Prodotta in tre motorizzazioni, un turbo da 1000 cc capace di 100 cavalli, un motore benzina da 1200 cc e un diesel 1400, Kia Rio si propone su una ribalta estremamente competitiva come quella del cosiddetto segmento B, e la presentazione prevista per il prossimo giugno della versione ecosostenibile a GPL sarà un’aggiunta della massima importanza per il successo del modello. Sulle strette e tortuose strade che fanno da corona a Bologna, Rio s’è dimostrata agile e sincera, molto precisa e pronta nella risposta, con un comfort di guida che trasmette un’impressione di solidità paragonabile alle sensazioni tipiche di quando ci si mette alla guida di blasonate marche concorrenti. «La nuova Rio segna un ulteriore salto di qualità nella nostra produzione e si rivolge a un duplice categoria di pubblico» ci ha detto Giuseppe Mazzara, Marketing Communication & PR Director di Kia Motors Italy.
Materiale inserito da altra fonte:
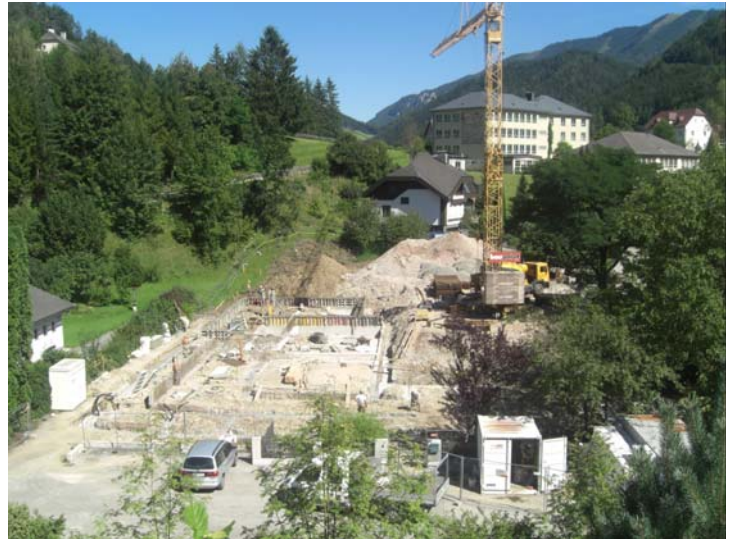
Blick auf die Baustelle „Kindergartenneubau“

Nachdem im Juli das alte Kindergartengebäude geräumt wurde, konnte Anfang August mit den Abbrucharbeiten begonnen werden. Unser Bauzeitenplan sieht vor, dass im September die Fundamentierungs- und Unterbauarbeiten, im Oktober die Zimmermanns- und Dachdeckerarbeiten durchgeführt werden, so dass in den Wintermonaten die Installationsarbeiten in Angriff genommen werden können. Der neue Kindergarten soll dann zu Kindergartenbeginn des Kindergartenjahres 2011/12 fertig gestellt sein.
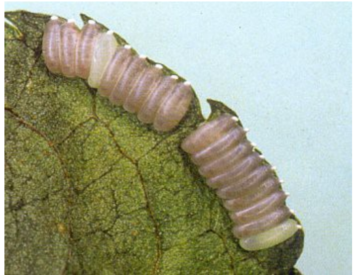
Uova da Gepp J., 1999

Gli adulti di questa specie si rinvergono normalmente sulla vegetazione prossima ai torrenti di zone boschive, habitat preferenziale delle larve semi-acquatiche (Elliot, 1977; Aspöck et alii, 1980). Larve predatrici che vivono tra muschi e massi in acque poco profonde, in ambienti ritrali di basso ordine sino ad una quota di 1500 m. s.l.m. (Bo & Fenoglio, 2005). In Romagna è stata catturata in numerose località rispondenti a queste caratteristiche. Monovoltina, presenta un massimo di abbondanza in giugno quando è ancora in vita la porzione maschile della popolazione. Le femmine, piuttosto longeve, si rinvergono poi fino all'inizio d'agosto (Pantaloni, 1989a).
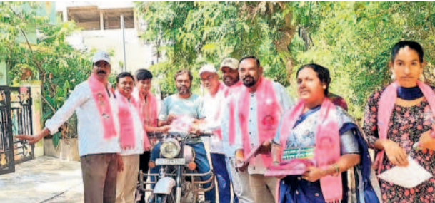
దమ్మాయిగూడలో ప్రచారం చేస్తున్న బీఆర్ఎస్ శ్రేణులు
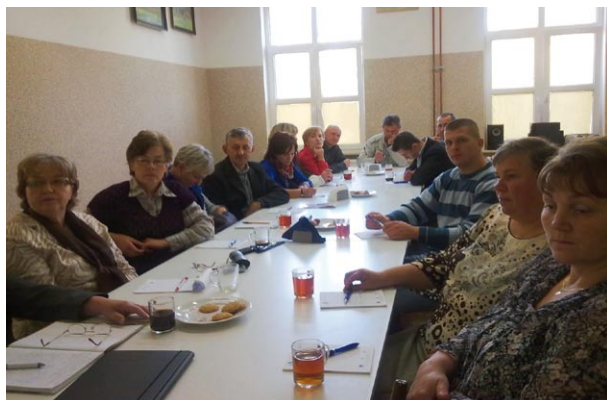
Jedno ze szkoleń sołtysów w jadowskim GOK-u...
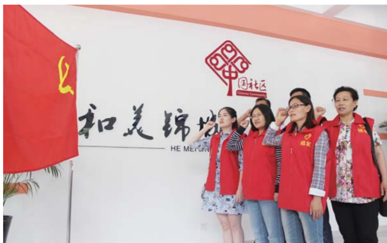
△锦城社区党员代表在“两学一做”学习教育中重温入党誓词

积110平方公里，新城31.1平方公里；高新区户籍人口24.2万，新城街道17.4万；高新区所有的城市社区都在新城街道，最重要、最核心的大项目也几乎都在新城街道。新城，是高新区的精华所在。
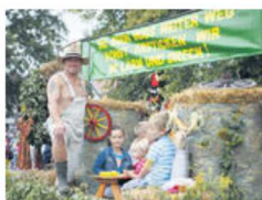
Festumzug zum Ende der Erntezeit
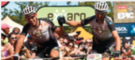
Christophe SAUSER, Švýcarsko, Specialized
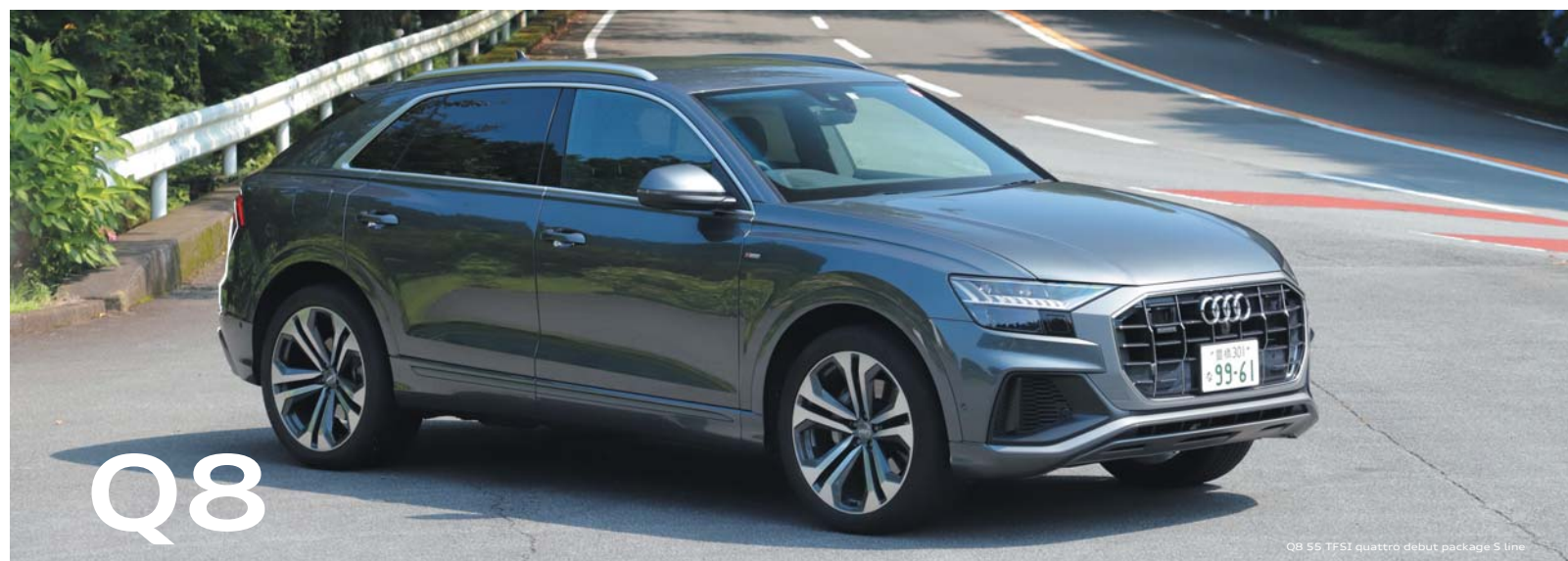
Q8 55 TFSI quattro debut package 5 line

Q8 55 TFSI quattro 10,100,000円 [税込み] + オプション 450,000円 [税込み] の場合
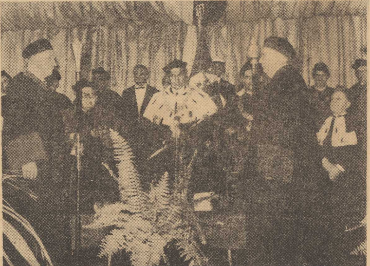
NA ZDJĘCIU: moment ślubowania doktorskiego w Wyższej Szkole Rolniczej.

Polscy koszykarze przegrali z CSRS 69:75 (30:32). POLSKIE siatkarze, które występują w mistrzostwach Europy juniorów rozgrywanym w Rydze, odniosły w pierwszym swym meczu finałowym piękny sukces, wygrywając z Węgrami 3:2. W DALSZYM ciągu mistrzostw Europy w siatkówce juniorów reprezentanci Polski pokonali Holandijkę 3:3.
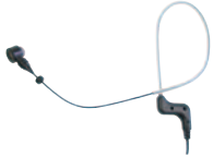
PEM 10.18 Ohrbügelmikrofon
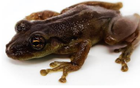
3 Scinax ruber HYLIDAE Ranita listada
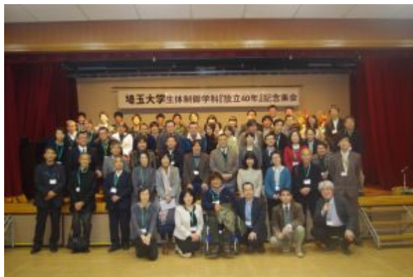
生体制御学科創立 40 周年記念交流会

2007年からは理学部同窓会が「教育環境整備協力会」に代わり、理学部在生後援会組織として「教育環境整備協力会」の設立趣旨を踏襲した活動も担っています。このように理学部同窓会は、理学部と密接な関係を保ち、在生皆様の勉学環境整備、就職・進学支援に関わる事業をはじめとして、様々な事業を計画・実施しております。
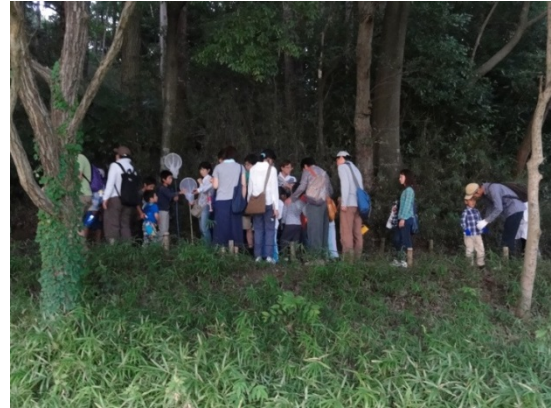
写真2 「夜の生きもの観察会」(取材可)
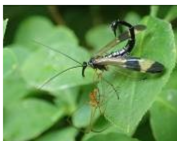
ヤマトシリアゲムシ

ネズミやカエルや小鳥などの動物の死体に集まり、それを餌とする甲虫。名前の由来は、死体があると出てくるため、「死出虫」と名づけられたことによる。森の葬儀屋。死体を地中に埋めて肉団子に加工し、これを口移して幼虫に与える習性を持ち、親が子の世話をする「亜社会性昆虫」として知られる。ダニが着いているので接触注意。
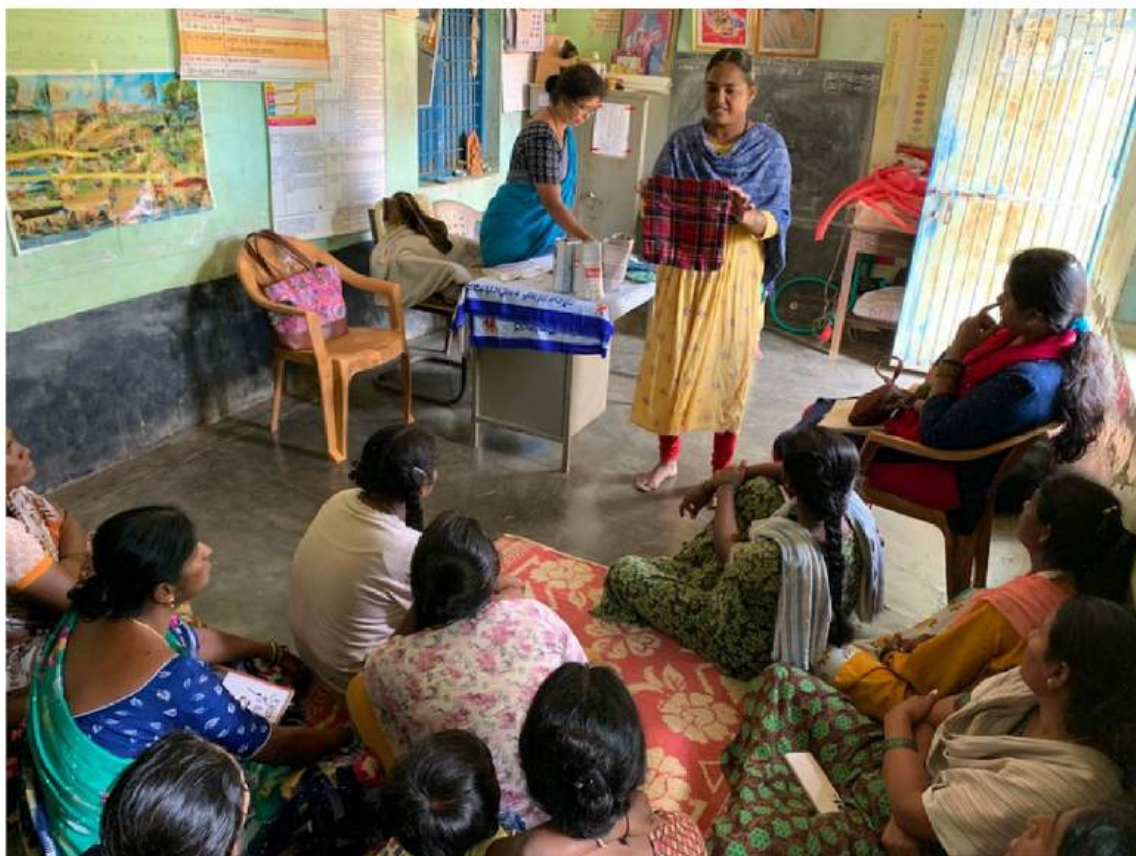
Cours de sensibilisation au centre d'éducation de la petite enfance, C. G. Hosahalli, septembre 2023.

«Oltre al tradizionale target di 35/50enni, con questa nuova vettura ci proponiamo di raggiungere anche i più giovani. Abbiamo un piano di lancio notevole, che prevede una campagna tv affiancata da attività sui social network sintetizzate dal concetto: your time-your rules, un’idea che si applica sia ai giovani, per definizione in possesso del proprio tempo, sia a coloro che si sentono ‘giovani dentro’ e che magari proprio verso l’età della maturità cominciano a tornare padroni di parte del loro tempo. Troviamo che questa sintesi, unita al legame strategico che Kia ha da sempre con il mondo dello sport, come dimostra il riuscito incontro di oggi con Bologna FC 1909 e con Rafa Nadal in occasione degli ultimi Australian Open, ci permetterà di raggiungere l’ampio e sfaccettato target che intendiamo coinvolgere».
Oltre alla linea accattivante, sono soprattutto gli interni equipaggiati con materiali all’altezza delle dirette concorrenti, il touch screen tipo tablet (disponibile anche in versione 7 pollici) e la connettività Apple e Android di estrema semplicità a segnalare la nuova dimensione generazionale. Questa nuova Rio ha accettato la sfida del linguaggio semplice e allo stesso tempo complesso degli under 30 di oggi. Per noi che l’abbiamo testata a fondo, si rivelerà all’altezza della prova.